It's not surprised that somebody uses $\bigwedge$ and $\bigvee$ as universal and existential quantifiers since $$ \bigwedge_{x\in A}\,\varphi(x)\Leftrightarrow \varphi(a_0)\wedge\varphi(a_1)\wedge\varphi(a_2)\wedge\cdots\Leftrightarrow\forall x\in A\,\varphi(x) $$ and $$ \bigvee_{x\in A}\,\varphi(x)\Leftrightarrow \varphi(a_0)\vee\varphi(a_1)\vee\varphi(a_2)\vee\cdots\Leftrightarrow\exists x\in A\,\varphi(x). $$
Such uses could be found in
- (@Mauro ALLEGRANZA 's discovery) P. Lorenzen. Einführung in die operative Logik und Mathematik. Die Grundlehren der mathematischen Wissenschaften, vol. 78. Springer-Verlag, Berlin, 1955. p.3. Writing in German.

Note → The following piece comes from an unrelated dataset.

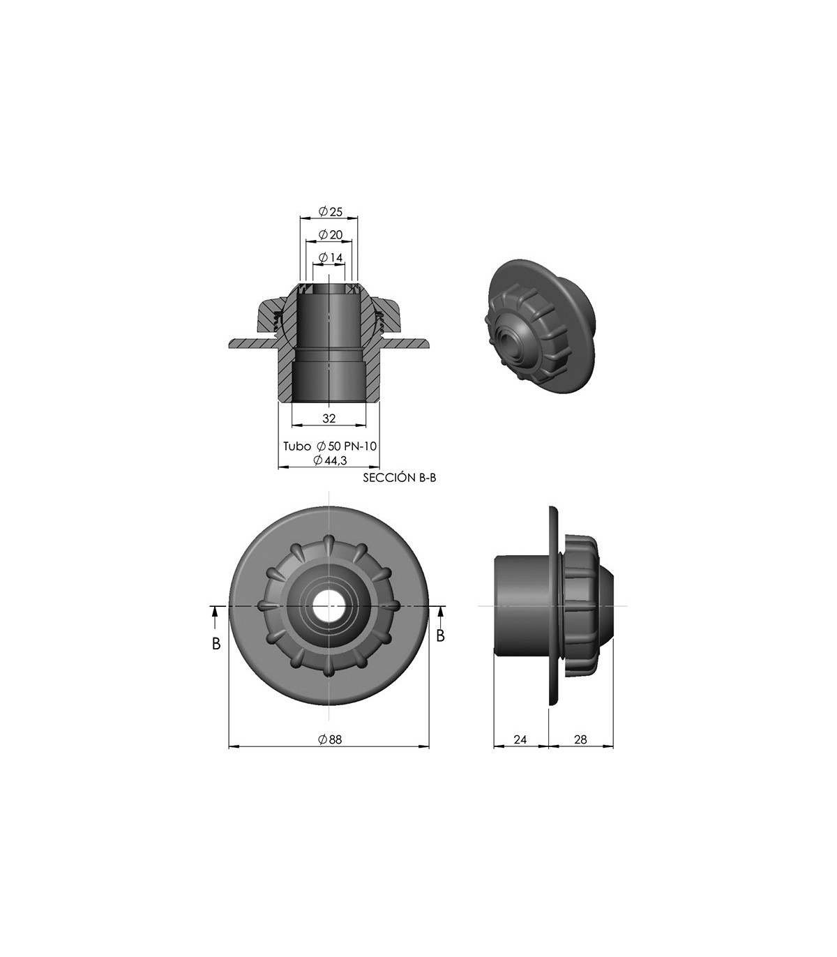 Boquilla de impulsión para piscinas de hormigón fabricada en ABS para una máxima resistencia.
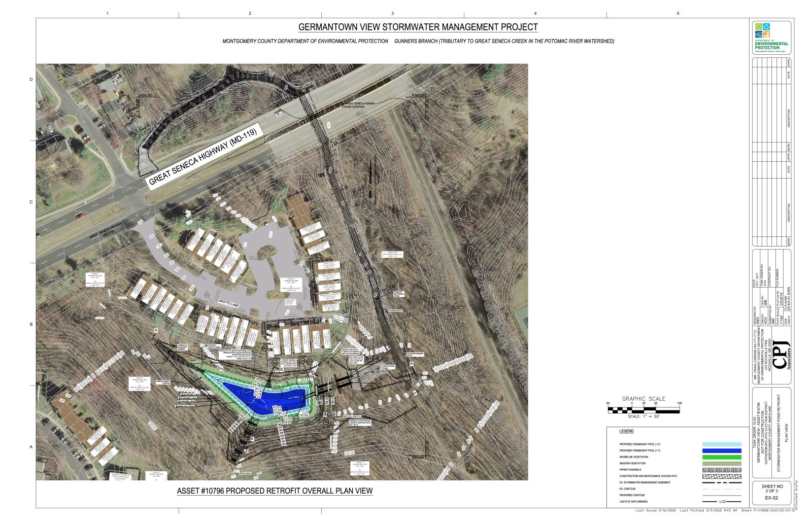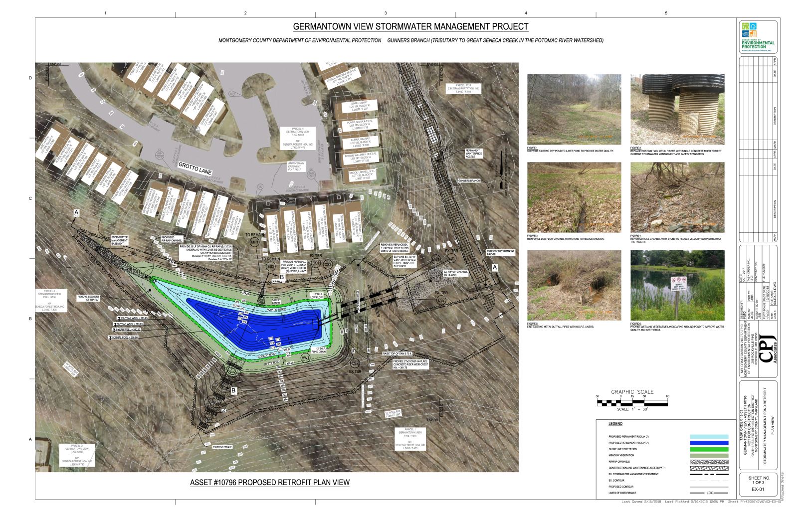 As a part of Montgomery County's ongoing efforts to protect our waters, the stormwater pond within the Seneca Forest community (formerly know as Germantown View) was selected for upgrade and improvements to bring the pond into compliance with current safety and performance standards to reduce the impacts of stormwater runoff on our streams and the Chesapeake Bay. The Germantown View stormwater pond is located in Germantown between Climbing Ivy Drive and Grotto Lane. Originally constructed in 1982 the pond receives stormwater runoff from 25.5 acres, of which 8.6 acres, or 33%, is impervious surfaces (roads, parking lots, rooftops,etc.).

- (@Mauro ALLEGRANZA 's discovery) P. Lorenzen. Formale Logik. Sammlung Goschen, Bd. 1176/1176a. Walter de Gruyter & Co., Berlin, 1958. 165S. Writing in German and for an English translation see Formal Logic. Translated by P Crosson. D. Reidel Publishing Company, 1965. p.74.
- (@Mauro ALLEGRANZA 's discovery) H. Hermes. Aufzählbarkeit, Entscheidbarkeit, Berechenbarkeit: Einführung in die Theorie der rekursiven Funktionen. Springer-Verlag, Berlin, 1961. Writing in German and for an English translation see Enumerability, Decidability, Computability: An Introduction to the Theory of Recursive Functions. Translated by G. T. Herman and O. Plassmann. Springer-Verlag, Berlin, 1965. p.67.
- (@Mauro ALLEGRANZA 's discovery) T. Skolem. Investigations on a comprehension axiom without negation in the defining propositional functions. Notre Dame Journal of Formal Logic, 1960, (1-2):13-22.
- (@Mauro ALLEGRANZA 's discovery) D. Kalish and R. Montague. Logic: Techniques of Formal Reasoning. Harcourt, Brace & World, Inc. 1964. p.86.
- (My discovery) G. Kreisel and J. L. Krivine. Elements of Mathematical Logic (Model Theory). North-Holland Publishing Company, 1967, pp.17-19.
- (My discovery) K. Kuratowski and A. Mostowski, Set theory, North-Holland Publishing Company, 1968, pp.45-46.
Furthermore, such uses could be dated back to 1950. In
- (My discovery) P. Lorenzen. Konstruktive Begründung der Mathematik. Mathematische Zeitschrift, 1950, 53(2):162-202. See https://link.springer.com/content/pdf/10.1007%2FBF01162411.pdf . Received on February 13, 1950 and writing in German.
- (My discovery) P. Lorenzen. Algebraische und Logistische Untersuchungen Über Freie Verbände. The Journal of Symbolic Logic, 1951, 16(2):81-106. https://www.jstor.org/stable/pdf/2266681.pdf . Received on March 17, 1950 and writing in German.
- (My discovery) P. Lorenzen. Die Widerspruchsfreiheit der klassischen Analysi. Mathematische Zeitschrift, 1951, 54(1):1-24. https://link.springer.com/content/pdf/10.1007%2FBF01175131.pdf . Received on July 15, 1950 and writing in German.
- (My discovery) P. Lorenzen. Ma und Integral in der konstruktiven Analysis. Mathematische Zeitschrift, 1951, 54(3):275-290. https://link.springer.com/content/pdf/10.1007%2FBF01574829.pdf . Received on April 18, 1951 and writing in German.
Lorenzen began to use $\bigwedge_x\varphi(x)$ as "$\varphi(x)$ for all $x$" and $\bigvee_x\varphi(x)$ as "$\varphi(x)$ for some $x$" simultaneously.
But I can't determine whether there are others who made such uses in an earlier time. So my question is: Who was the first to use $\bigwedge$ and $\bigvee$ as universal and existential quantifiers respectively?